WHAT YOU NEED TO DO
The expected answer is the full listing, repeated exactly and free of images.

SUPPLIED DATA
....
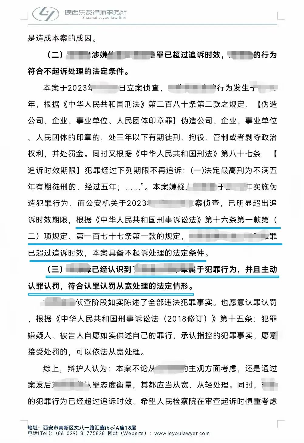 鲁明睿律师介入案件后,立即对案件的全部卷宗进行了仔细研读,不放过任何一个细节。通过对案件发生时间、印章刻制及使用过程的深入研究,精准把握了追诉时效这一关键要点。根据刑法规定,伪造公司印章罪法定最高刑不满五年有期徒刑,追诉时效为五年,当事人2016年伪造印章,2023年公安机关立案侦查,已超追诉时效。此外,当事人到案后如实供述,自愿认罪认罚,具有从轻处罚的情节。鲁明睿律师依据这些事实和法律规定,撰写了详细的法律意见书,向检察机关充分阐述了相关情况。最终,检察院采纳意见,决定对当事人不起诉。
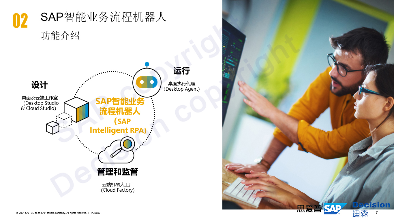 ■ 管理和监督:对机器人执行过程中进行中央化的管理和监督,称为云端机器人工厂,这是托管于SAP平台的一款SaaS应用。
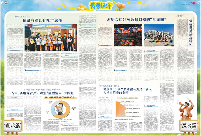 消費(fèi)端彰顯“青春經(jīng)濟(jì)”活力。青年消費(fèi)者追求的不再是單一產(chǎn)品,而是更加注重情感共鳴、文化認(rèn)同和價(jià)值表達(dá),由“性價(jià)比”轉(zhuǎn)向“心價(jià)比”。中青報(bào)及中青校媒記者調(diào)研發(fā)現(xiàn),61.2%的受訪青年會(huì)為了釋放壓力、調(diào)節(jié)情緒而為演出花錢,62.5%的受訪青年認(rèn)為購(gòu)買潮玩盲盒是在為情緒買單。國(guó)研新經(jīng)濟(jì)研究院創(chuàng)始院長(zhǎng)朱克力認(rèn)為,年輕一代的消費(fèi)正變得越來(lái)越多元化、個(gè)性化,充滿文化感、設(shè)計(jì)感和科技感?!斑@些特性與社會(huì)躍遷密切相關(guān)。”
....
COMPLETED TASK
 鲁明睿律师介入案件后,立即对案件的全部卷宗进行了仔细研读,不放过任何一个细节。通过对案件发生时间、印章刻制及使用过程的深入研究,精准把握了追诉时效这一关键要点。根据刑法规定,伪造公司印章罪法定最高刑不满五年有期徒刑,追诉时效为五年,当事人2016年伪造印章,2023年公安机关立案侦查,已超追诉时效。此外,当事人到案后如实供述,自愿认罪认罚,具有从轻处罚的情节。鲁明睿律师依据这些事实和法律规定,撰写了详细的法律意见书,向检察机关充分阐述了相关情况。最终,检察院采纳意见,决定对当事人不起诉。
 ■ 管理和监督:对机器人执行过程中进行中央化的管理和监督,称为云端机器人工厂,这是托管于SAP平台的一款SaaS应用。
 消費(fèi)端彰顯“青春經(jīng)濟(jì)”活力。青年消費(fèi)者追求的不再是單一產(chǎn)品,而是更加注重情感共鳴、文化認(rèn)同和價(jià)值表達(dá),由“性價(jià)比”轉(zhuǎn)向“心價(jià)比”。中青報(bào)及中青校媒記者調(diào)研發(fā)現(xiàn),61.2%的受訪青年會(huì)為了釋放壓力、調(diào)節(jié)情緒而為演出花錢,62.5%的受訪青年認(rèn)為購(gòu)買潮玩盲盒是在為情緒買單。國(guó)研新經(jīng)濟(jì)研究院創(chuàng)始院長(zhǎng)朱克力認(rèn)為,年輕一代的消費(fèi)正變得越來(lái)越多元化、個(gè)性化,充滿文化感、設(shè)計(jì)感和科技感?!斑@些特性與社會(huì)躍遷密切相關(guān)。”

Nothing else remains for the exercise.